残されたのは、ボロボロになった三人と、眠り続けるアリス。そして、あまりにも遠い40倍の差という残酷な現実だけだった。
「……くっ!これだけ特訓してもまだ届かないのか!」
剣一の絞り出すような声が、静まり返ったサンムーン大陸に虚しく響いた。
自分の限界を超え、偽物を討ち果たした確かな手応え。それがたった「40分の1」に過ぎなかったという事実は、剣士としてのプライドを粉々に打ち砕くには十分すぎる衝撃だった。
「神の力……まだまだ慢心している余裕はないわね……」
シロミは、震える手で自らの腕を抱きしめた。
魔族として、強さには自負があった。けれど、先ほどカオスが放った威圧感は、生物としての格そのものが違っていた。40倍。その数字の持つ絶望的な質量が、彼女の冷静さをじわじわと侵食していく。
「………花恋ちゃんたちのためにも迷っている暇なんて無いっ……っ!!」
真白は、杖を杖としてではなく、自分を支える柱のように強く握りしめた。
恐怖で膝が笑い、今すぐ逃げ出したくなる本能を、離れ離れになった仲間――花恋たちの笑顔を思い出すことで無理やり押さえつける。彼女の瞳には、涙を堪えながらも消えない意志の火が宿っていた。
三人がそれぞれの絶望と向き合い、立ち尽くしていた、その時。
「…………ん……っ」
剣一の黒のローブに包まれ、地面に横たわっていたアリスが、微かに身じろぎした。
「……アリス!」
剣一がハッとして駆け寄る。
ゆっくりと開かれた黄金の瞳。それはまだ混濁していたが、剣一の顔を捉えた瞬間、いつもの勝気な輝きを取り戻した。

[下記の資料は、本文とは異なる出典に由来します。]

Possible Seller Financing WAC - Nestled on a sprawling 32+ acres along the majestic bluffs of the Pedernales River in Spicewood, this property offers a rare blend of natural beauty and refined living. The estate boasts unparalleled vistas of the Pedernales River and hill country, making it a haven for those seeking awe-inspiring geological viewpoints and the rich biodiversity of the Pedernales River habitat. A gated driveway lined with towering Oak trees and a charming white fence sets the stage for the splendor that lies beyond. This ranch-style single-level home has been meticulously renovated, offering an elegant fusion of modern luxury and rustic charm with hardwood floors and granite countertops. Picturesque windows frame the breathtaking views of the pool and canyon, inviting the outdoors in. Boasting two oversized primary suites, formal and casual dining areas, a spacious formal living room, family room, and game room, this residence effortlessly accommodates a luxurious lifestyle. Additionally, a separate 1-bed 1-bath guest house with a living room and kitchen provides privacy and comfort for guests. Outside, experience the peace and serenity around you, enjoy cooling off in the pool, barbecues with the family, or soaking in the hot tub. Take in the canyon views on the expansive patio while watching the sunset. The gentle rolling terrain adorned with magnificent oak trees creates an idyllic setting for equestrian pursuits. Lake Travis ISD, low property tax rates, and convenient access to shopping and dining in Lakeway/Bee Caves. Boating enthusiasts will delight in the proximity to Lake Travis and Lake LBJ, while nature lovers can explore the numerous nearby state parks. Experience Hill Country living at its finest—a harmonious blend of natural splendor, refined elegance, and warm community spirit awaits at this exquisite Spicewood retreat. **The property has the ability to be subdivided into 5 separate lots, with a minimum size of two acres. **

「……何なの、みんなして……お通夜みたいな顔しちゃってさ……」
アリスは、重い身体を無理やり起こそうとして顔をしかめる。剣一が慌ててその肩を支えた。彼のローブが、彼女の肩から滑り落ちそうになるのを、アリスは無意識にギュッと掴んで引き寄せた。
「アリス、無茶するな! まだ身体が――」
「……聞こえてた、あのスカスカな声の主が言ってたこと……。40倍、でしょ?」
アリスは剣一の胸元に寄りかかるようにしながら、不敵に口角を上げた。
ボロボロの体。砕けた魔装。それでも、彼女の精神だけは一歩も退いていなかった。
「だったら、簡単じゃない。……あたしたちが、この一ヶ月でさらに40倍強くなればいい。……ただ、それだけでしょ?」
「アリスちゃん……正気なの? 40倍なんて、そんなの……」
真白が戸惑うように問いかけるが、アリスは剣一のローブに包まれたまま、力強く言い放った。

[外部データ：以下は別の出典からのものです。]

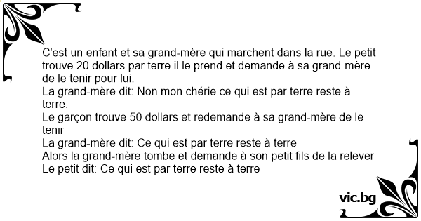 La grand-mère dit: Ce qui est par terre reste à terre
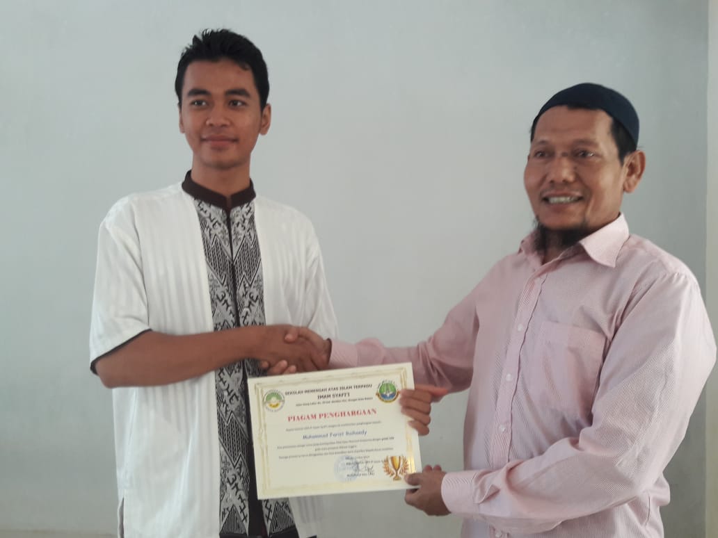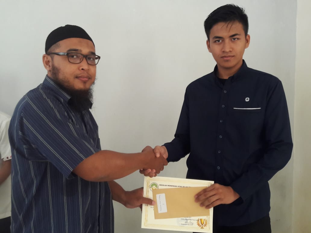 Kembali komite SMA IT Imam Syafi'i memberikan apresiasi dan reward. Kali ini yang berbahagia mendapatkannya adalah siswa kelas XII yang mendapat nilai tertinggi pada setiap mapel UN 2019. Tidak hanya itu, hal yang sama juga diberikan pada peringkat 10 besar dan siswa yang mendapat nilai sempurna. Pada UN 2019 ini siswa atas nama Muhammad Farist Raihandy mendapat nilai sempurna dengan perolehan nilai 100 pada mapel Bahasa Inggris.
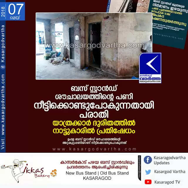ബസ് സ്റ്റാന്ഡ് ശൗചാലയത്തിന്റെ പണി നീട്ടിക്കൊണ്ടുപോകുന്നതായി പരാതി; യാത്രക്കാര് ദുരിതത്തില്, നാട്ടുകാരില് പ്രതിഷേധം
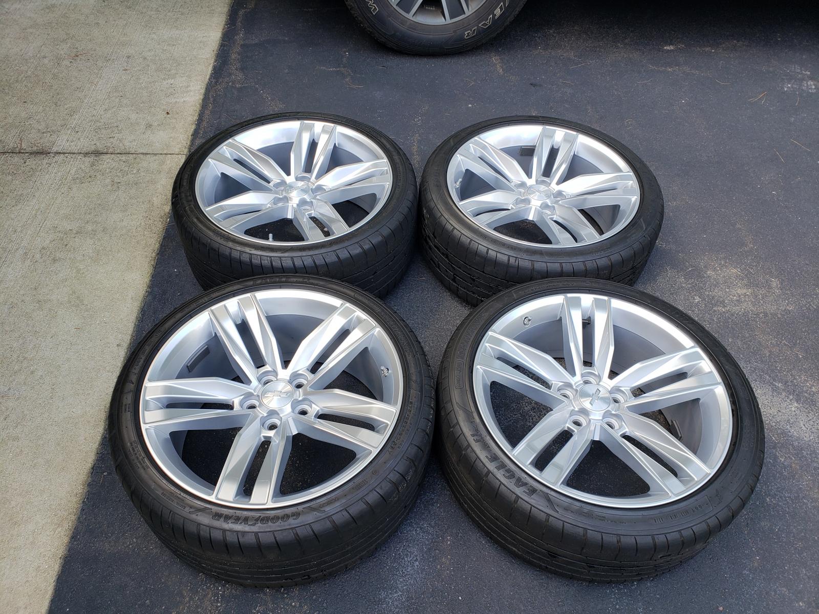 Original silver, split-spoke wheels and Goodyear run-flat tires that I changed out on my 2017 SS Convertible. Front 245/40R20, rear 275/35R20. 6,000 miles on them. In good condition, no defects, not driven hard. $750 plus the cost of shipping from Midland, MI area.

「正気じゃなきゃ、天空なんて目指さないじゃん……ねえ、剣一。あんた、あたしの大好きに、まだ返事してないわよね?」
「えっ……あ、いや、それは……」
不意に話を振られ、剣一の顔が真っ赤に染まる。アリスはそれを見て、悪戯っぽく、けれど最高に格好良く笑ってみせた。
「返事は、神様をぶっ飛ばした後に取っておいてあげる。……だから、あんな奴の数字にビビってる暇なんて無いから」
その言葉は、凍てついていた三人の心に、再び蒼い炎を灯し、その場を後にした。